Dijkstra Algorithm (Shortest Path for positive weights)

Starting from the given source node, perform BFS, and sort the nodes in each BFS level according to its shortest distance from the source. The sorting is done by a priority queue. Each state (distance, node_index[, stop]) put into the priority queue represents a path reaching the corresponding node.

Dijkstra works because the sorting on each BFS level has led to that the state popped from the queue every time has the current shortest distance.
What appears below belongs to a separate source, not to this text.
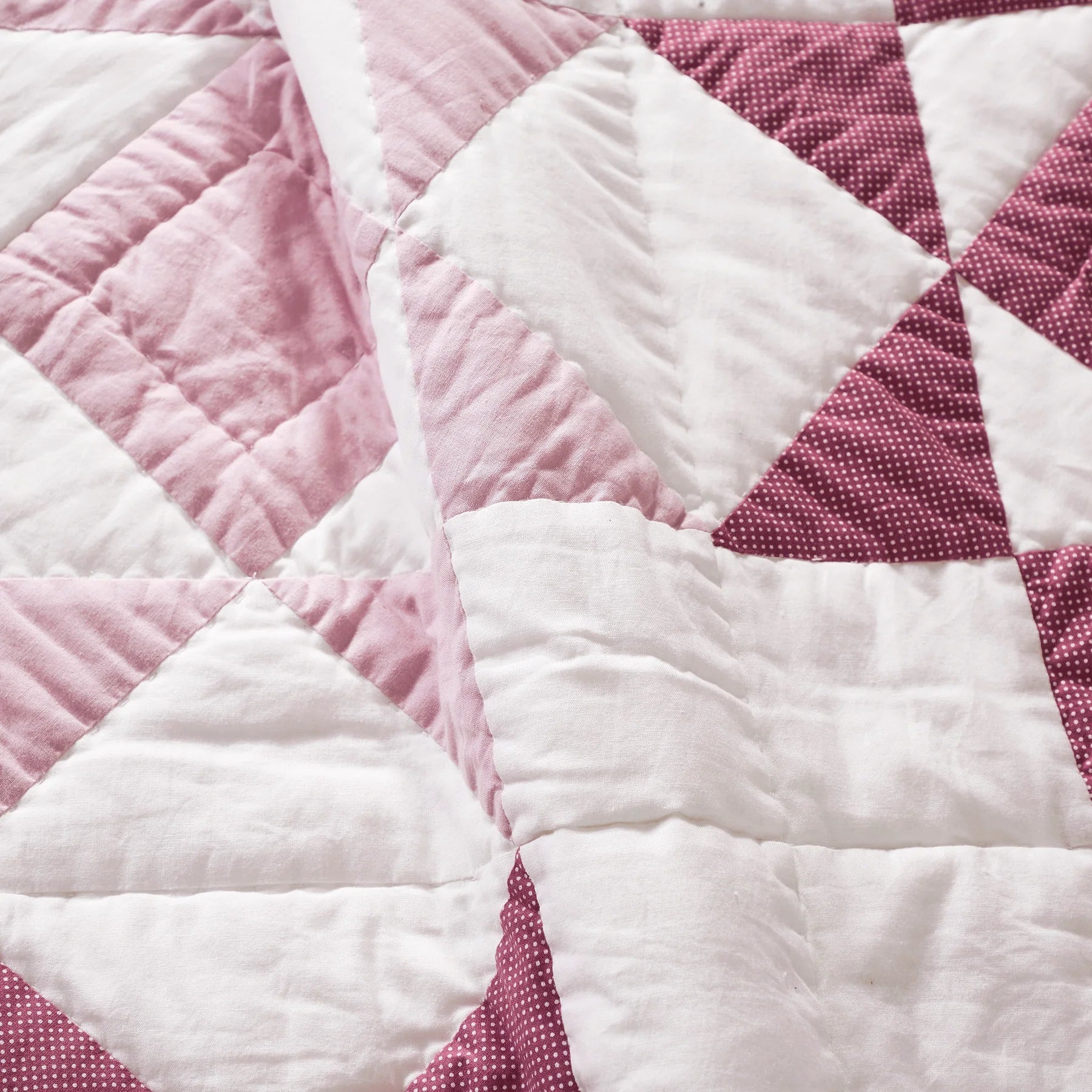 A modern take on the iconic sawtooth star quilt block, this organic cotton patchwork throw is hand quilted by skilled artisans. The antique-inspired design features lilac and magenta stars with a playful pin dot pattern. Fully reversible, the quilt backing showcases our original Abigail floral print. The quilt is finished with a playful scalloped binding. Use it to cozy up on the sofa or style it folded at the foot of a twin, full, or queen bed. Comes packaged in an organic cotton Abigail print drawstring bag that we encourage you to reuse!

Example problem: 743. Network Delay Time

If extra constraint such as the number of intermediate nodes stop is present in the shortest path search problem (E.g. 787. Cheapest Flights Within K Stops), then the following important pieces of code will have to be ensured:

On each BFS level, each state for node v should be added to the priority queue, instead of just the state for node v with the current shortest path towards v. (This is because the shortest path towards v may have met the limit of the extra constraint. So it can’t give the shortest path towards its next node.)
When calculating the distance towards the next node v, make sure to use the distance towards u stored in the current state for u, instead of the current shortest distance to u. (Because the shortest distance may not match the current path.)
Update the constraining variable in each state, so that any state violating the constraint will be filtered out after having been popped from the pq.
Optimize the shortest path search by realizing that for the same v, any state with longer distance and less room for the constraint won’t give any optimal solution for later nodes. Hence, no need to add these states to the queue.

Python
C++

# ignore `shortest_paths[0]` because node index starts from 1.
shortest_paths = [float('inf')] * (n + 1)
# Initialize stops with inf because optimization skips stop_v > stops[v].
stops = [float('inf')] * (n + 1)

# Adjacency List where edges[u] is a list of all nodes v pointed to by u.
# w is the weight of edge u->v.
edges = defaultdict(list)
for u, v, w in times:
    edges[u].append((v, w))

# Record candidate nodes.
pq = PriorityQueue()

# Initialize solution at source node src. Travel to src requires 0 distance.
shortest_paths[src] = 0
# State is (distance, node index, stop).
# (initialize stop == -1 so that second vertex will have stop == 0, third vertex will have stop == 1.)
pq.put((0, src, -1))

# BFS until all edges have been traversed.
while not pq.empty():
    distance_u, u, stop_u = pq.get()

    # Can return early if the problem only requires distance to a particular destination.
    # if u == dst:
    #     return distance_u

    # Unconstraint case only: Filter out any ?->u choices if the best ?->u has been found.
    # if distance_u > shortest_paths[u]:
    #     continue

    if stop_u >= max_stop:
        continue

    for v, w in edges[u]:
        # Do not use shortest_paths[u] here.
        distance_v = distance_u + w
        stop_v = stop_u + 1

        # Check whether reaching v from u gives a better result.
        if shortest_paths[v] > distance_v:
            shortest_paths[v] = distance_v
            stops[v] = stop_v

            # Unconstraint case: choose u->v as the new best edge to reach v.
            # pq.put((distance_v, v))
            # Other choices ?->v existing in pq will be filtered out.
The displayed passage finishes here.